→ GIVEN INFORMATION:
◆ ◆ ◆ ◆ ◆

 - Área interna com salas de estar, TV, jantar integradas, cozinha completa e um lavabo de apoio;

◆ ◆ ◆ ◆ ◆

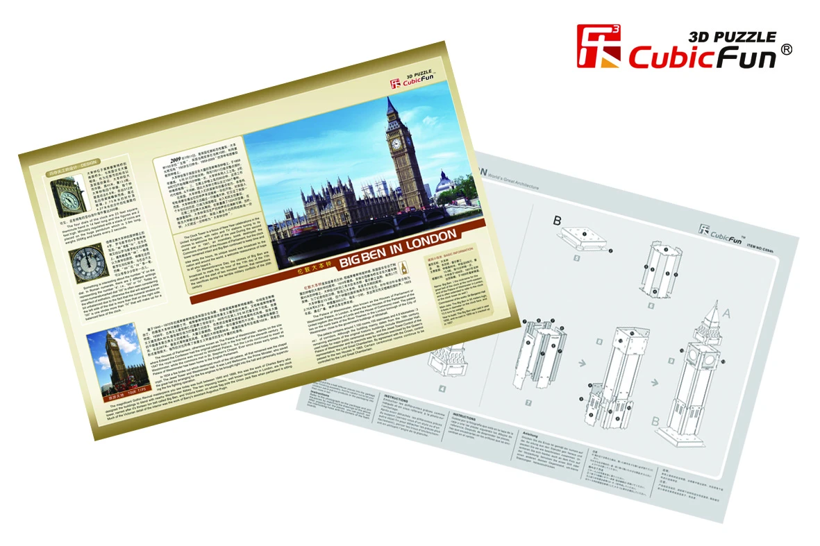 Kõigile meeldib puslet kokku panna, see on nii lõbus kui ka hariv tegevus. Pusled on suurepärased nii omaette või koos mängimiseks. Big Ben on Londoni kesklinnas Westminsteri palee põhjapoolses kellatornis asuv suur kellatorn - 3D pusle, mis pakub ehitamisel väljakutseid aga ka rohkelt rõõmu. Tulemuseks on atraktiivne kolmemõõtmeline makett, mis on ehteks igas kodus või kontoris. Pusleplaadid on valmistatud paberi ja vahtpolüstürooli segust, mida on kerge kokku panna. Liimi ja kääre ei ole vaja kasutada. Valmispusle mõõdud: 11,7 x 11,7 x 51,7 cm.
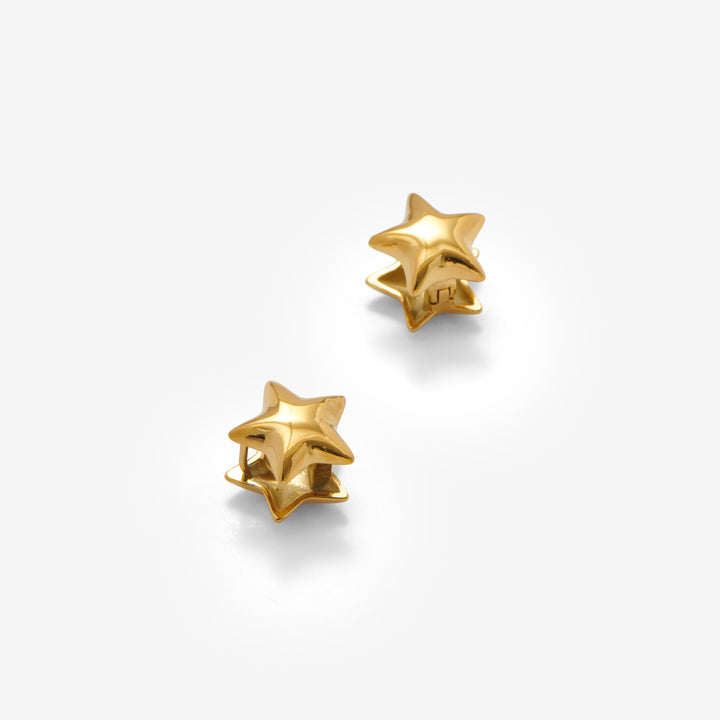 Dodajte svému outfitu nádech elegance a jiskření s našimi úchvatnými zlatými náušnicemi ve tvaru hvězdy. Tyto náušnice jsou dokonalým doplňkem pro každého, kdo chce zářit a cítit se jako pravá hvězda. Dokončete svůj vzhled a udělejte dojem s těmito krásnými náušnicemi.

◆ ◆ ◆ ◆ ◆

→ TASK ITEM: What are the lines in the records above, word for word, from the one containing "Kõigile meeldib puslet" through the one containing "Dodajte svému outfitu", both ends included and pictures left out?

→ TASK SOLUTION:
 Kõigile meeldib puslet kokku panna, see on nii lõbus kui ka hariv tegevus. Pusled on suurepärased nii omaette või koos mängimiseks. Big Ben on Londoni kesklinnas Westminsteri palee põhjapoolses kellatornis asuv suur kellatorn - 3D pusle, mis pakub ehitamisel väljakutseid aga ka rohkelt rõõmu. Tulemuseks on atraktiivne kolmemõõtmeline makett, mis on ehteks igas kodus või kontoris. Pusleplaadid on valmistatud paberi ja vahtpolüstürooli segust, mida on kerge kokku panna. Liimi ja kääre ei ole vaja kasutada. Valmispusle mõõdud: 11,7 x 11,7 x 51,7 cm.
 Dodajte svému outfitu nádech elegance a jiskření s našimi úchvatnými zlatými náušnicemi ve tvaru hvězdy. Tyto náušnice jsou dokonalým doplňkem pro každého, kdo chce zářit a cítit se jako pravá hvězda. Dokončete svůj vzhled a udělejte dojem s těmito krásnými náušnicemi.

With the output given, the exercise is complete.